C. difficile is a spore-forming Gram-positive anaerobic bacterium associated with pseudomembraneous colitis and antibiotic-associated diarrhea in patients previously administered antimicrobial drugs.^2–4 CDI arises from disruption of normal intestinal microflora, thus creating an opportunity for ingested spores to germinate, colonize the GI tract, and produce toxins able to inflict profound damage. The production of Rho-inactivating toxins A (TcdA) and B (TcdB) in the GI tracts of those afflicted lies at the heart of the bacterium’s toxicity in human hosts; both are proinflammatory and cytotoxic, causing disruption of the actin cytoskeleton and impairment of tight junctions in human intestinal epithelial cells.^2–7 The actions of TcdA and TcdB lead to fluid accumulation and extensive damage to the large intestine. More recent studies have shown that, in addition to serving as Rho-glucosylases, TcdA and TcdB trigger release of inflammatory cytokines from mast cells and macrophages as well as from epithelial cells, leading to further fluid secretion and intestinal inflammation.⁸ Notably, particularly virulent strains, such as NAP1/B1/027, have been noted to generate a third toxin referred to as C. difficile binary toxin (CDT), an actin-specific ADP-ribosyltransferase that disrupts the actin cytoskeleton.^9–13 CDT expression and activity is associated with increased C. difficile cell adherence and subsequent pathogenicity.^9–13 Taken together, it has become clear that TcdA, TcdB, and CDT are major determinants driving both the lethality and virulence of C. difficile in humans.

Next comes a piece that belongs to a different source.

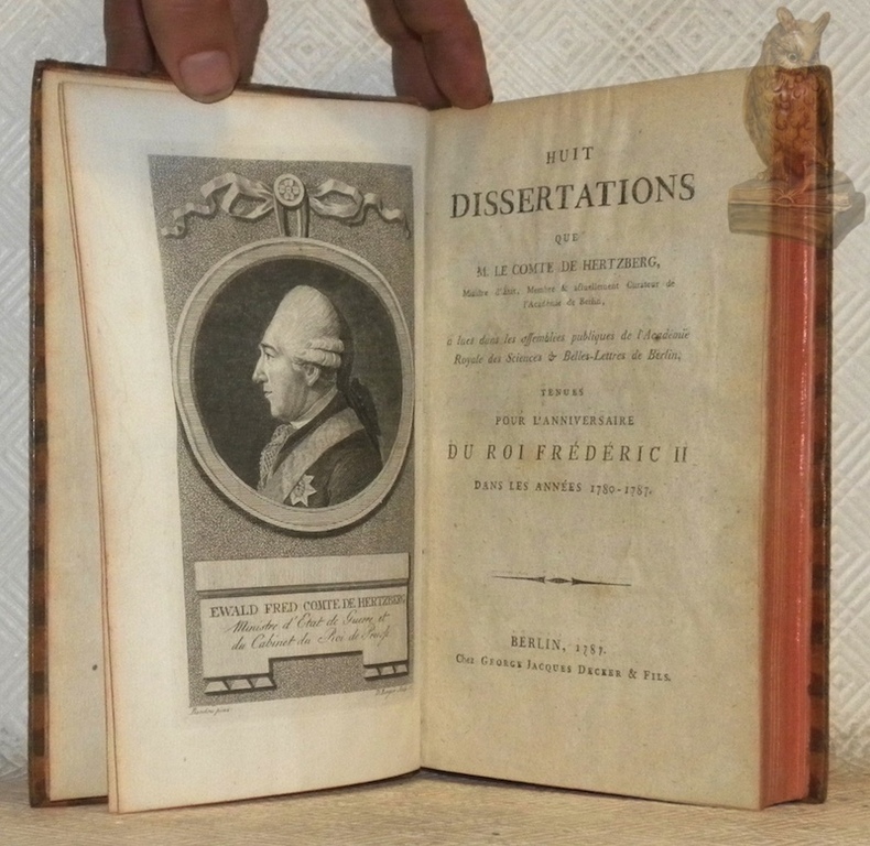 Berlin, Chez George Jacques Decker & Fils 1787, 200x125mm, reliure plein veau raciné de l’époque avec pièce de titre doré et ornementations et fleurons dorés au dos. Bordure fleurie, tranches rouge, garde papier marbré. Plat légèrement frotté, autrement bel exemplaire

Although the advent of fecal transplants^14,15 and recent approval of the antidifficile drug fidaxomicin^16,17 have helped to stem the tide of CDIs, the emergence of resistance to a wide range of antibiotics, such as clindamycin,¹⁸ fluoroquinolones,¹⁹ vancomycin, and metronidazole,^20–25 and ever increasingly virulent strains such as NAP1/B1/027 underscore the urgent need for new therapeutics. Central to new approaches for combatting C. difficile has been the recognition that toxins A and B enter GI cells via receptor-mediated endocytosis following target cell surface associations with combined repetitive oligopeptides (CROPs) embedded within the toxin C-termini.^26–29 Endosomal acidification triggers conformational changes in TcdA and TcdB; this triggers vesicle membrane insertion and translocation of the catalytically active N-terminus into the cytosol. This activation/delivery mechanism is not unlike those of other bacterial toxins, has been hypothesized to represent a unique opportunity for drug targeting, and appears to highlight membrane function as an exploitable point of intervention.³⁰ Importantly, examples of ionophore-driven disruption of assorted ion pumping mechanisms are well established and, in fact, form the basis of a number of commercially crucial anticoccidial feed additives. Monensin (Rumensin), lasalocid (Bovatec), and laidlomycin propionate (Cattlyst) are all polyether antibiotics that disrupt ion concentration gradients (Ca²⁺, K⁺, H⁺, Na⁺) within microorganisms leading to futile ion cycles.³¹ Additionally, several reports have shown that monensin can reduce the cytopathogenic effect of C. difficile toxins, and TcdB induced apoptosis relies on ATP-sensitive potassium channels.^32–34 Taken together, these data indicate that ionophore antibiotics could play a dual role as CDI antibiotics, by helping clear bacteria and reducing the effect of toxins on epithelial cells in the gut.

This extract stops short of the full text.